Мама всегда говорила эту фразу, слушая Баха и я знала, что сейчас у нее повлажнели глаза, а лицо стало нежным-нежным и мечтательным.
***
– Знаешь, Ирк, я всегда так любила это время, когда мы уезжали. Ты даже не представляешь. Счастье такое чувствовала, как будто домой возвращалась. Там сейчас река такая широкая, зелень вокруг. На рыбалку поедем, может на раков.
Мы ехали на такси на вокзал, меня отвозили в деревню. Такси катило по уже чуть хмурящейся Москве, которой она бывает в теплые летние вечера.

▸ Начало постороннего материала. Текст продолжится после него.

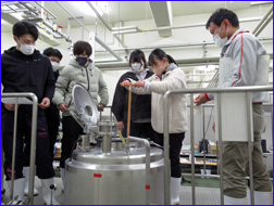 3年生を対象とした実習で、麦100%を用いての製造です。実習はプラントの洗浄から始まり、プラント上に多数配置されているバルブおよびポンプの操作による製品の加熱、ろ過、冷却、原料である麦芽の糖化のために酵素をうまく機能させるための温度管理、さらには製品に含まれるエキス分の濃度測定による発酵状態の確認など多岐にわたる操作を行うことで、ものづくりにおけるバイオ資源利用、工業プロセスの扱いを実際に体験する実習で、食品衛生管理の考え方も学びます。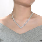 This stylish necklace features a pave of clear round Cubic Zirconia in diagonal pattern to form several arrow head-inspired design. Crafted of Sterling silver with Rhodium plated, this stylish necklace shines with a highly polished finish and secures with a box clasp.

Еще не сумрак, но уже и не свет, тёплые отсветы на влажном асфальте от теряющегося среди домов неяркого солнца, запах нагретых клумб и воды, которой нещадно поливали и так чистые улицы. Машина ныряла в длинные тоннели-перегоны и тогда, в свете тоннельных огней, я видела блестящие мамины глаза. Она казалась совсем девчонкой, почти подружкой, которая рассказывала мне свои тайны.
– И ты там… знаешь… К цыганам поменьше ходи.
Она вдруг отвела глаза и помолчала.
– И их не поважай. Не надо…
Я ничего не сказала. Я прятала от неё в потайном месте сухой гладиолус, который мне перед отъездом, в прошлом году подарил Рамен.